Various options for decorrelating the data are available in the relevant
documentation on subsampling data. Here, we decorrelate the data using the
following code.
>>> from alchemlyb.preprocessing.subsampling import decorrelate_u_nk
>>> decorrelated_u_nk_list = [decorrelate_u_nk(u_nk) for u_nk in u_nk_list]

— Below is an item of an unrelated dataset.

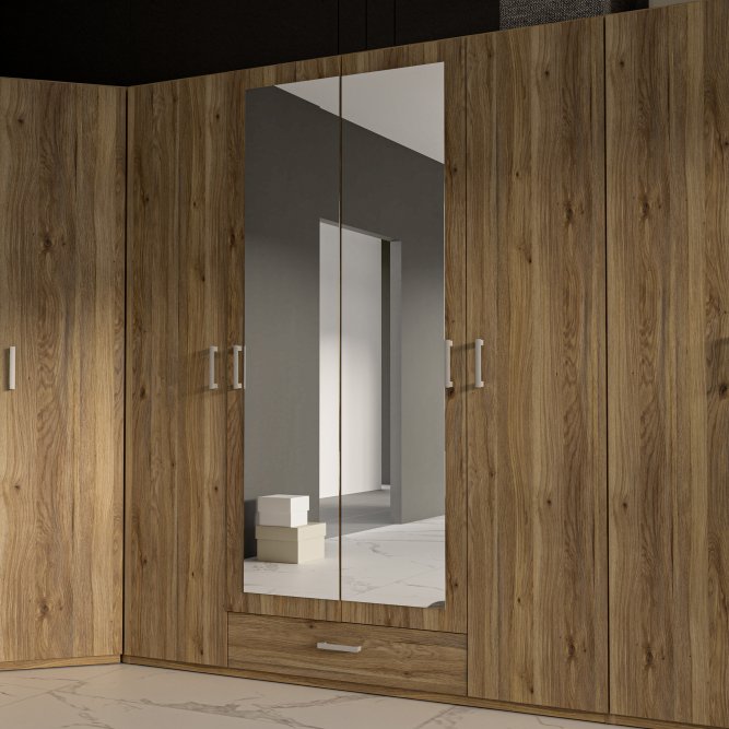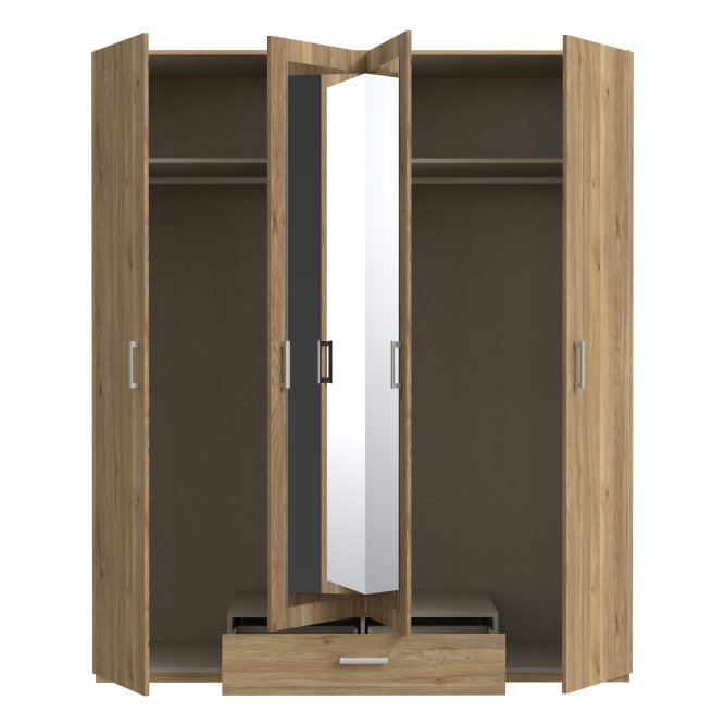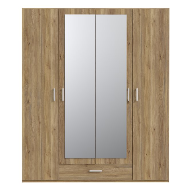 4-drzwiowa szafa uchylna z lustrem i szufladą o szerokości niemal 180 cm z kolekcji EDYTA to idealne rozwiązanie dla osób poszukujących funkcjonalnych i estetycznych rozwiązań do swojej garderoby. Wnętrze mebla możesz spersonalizować, dodając dedykowane półki. Szafa pozwala na łatwy dostęp do przechowywanych rzeczy, a dzięki dekorowi w kolorze drewna wpasuje się w wiele aranżacji wnętrz.

>>> decorrelated_u_nk_list[0]
0.0 0.25 0.5 0.75 1.0
time fep-lambda
0.0 0.0 0.309323 3.656838 7.004353 10.351867 13.699382
20.0 0.0 0.300940 1.626739 2.952538 4.278337 5.604135
40.0 0.0 0.299979 2.255386 4.210794 6.166202 8.121609
60.0 0.0 0.308315 2.284146 4.259977 6.235809 8.211640
80.0 0.0 0.301432 1.397817 2.494203 3.590589 4.686975
... ... ... ... ... ...
39920.0 0.0 0.305202 2.420299 4.535396 6.650492 8.765589
39940.0 0.0 0.307156 -0.552737 -1.412630 -2.272523 -3.132416
39960.0 0.0 0.309339 2.999887 5.690435 8.380983 11.071532
39980.0 0.0 0.305687 2.047583 3.789479 5.531375 7.273271
40000.0 0.0 0.314376 3.021203 5.728030 8.434858 11.141684
[2001 rows x 5 columns]
Estimating Free Energy¶
We estimate the free energy using the MBAR
method. More estimators are available in the section on
free energy estimators.
>>> from alchemlyb.estimators import MBAR
>>> import pandas as pd
>>> mbar = MBAR()
>>> mbar.fit(alchemlyb.concat(decorrelated_u_nk_list))
>>> mbar.delta_f_
0.00 0.25 0.50 0.75 1.00
0.00 0.000000 1.613595 2.553407 2.983336 3.039517
0.25 -1.613595 0.000000 0.939812 1.369741 1.425922
0.50 -2.553407 -0.939812 0.000000 0.429929 0.486110
0.75 -2.983336 -1.369741 -0.429929 0.000000 0.056181
1.00 -3.039517 -1.425922 -0.486110 -0.056181 0.000000
Free energy difference between \(\lambda = 0\) and \(\lambda = 1\) is
>>> mbar.delta_f_.loc[0.00, 1.00]
3.039517
Plotting the Diagnostics¶
We can plot the diagnostics of the estimator to assess the overlap metrics. More information on diagnostics is available in the relevant section on visualisation:
>>> from alchemlyb.visualisation import plot_mbar_overlap_matrix
>>> ax = plot_mbar_overlap_matrix(mbar.overlap_matrix)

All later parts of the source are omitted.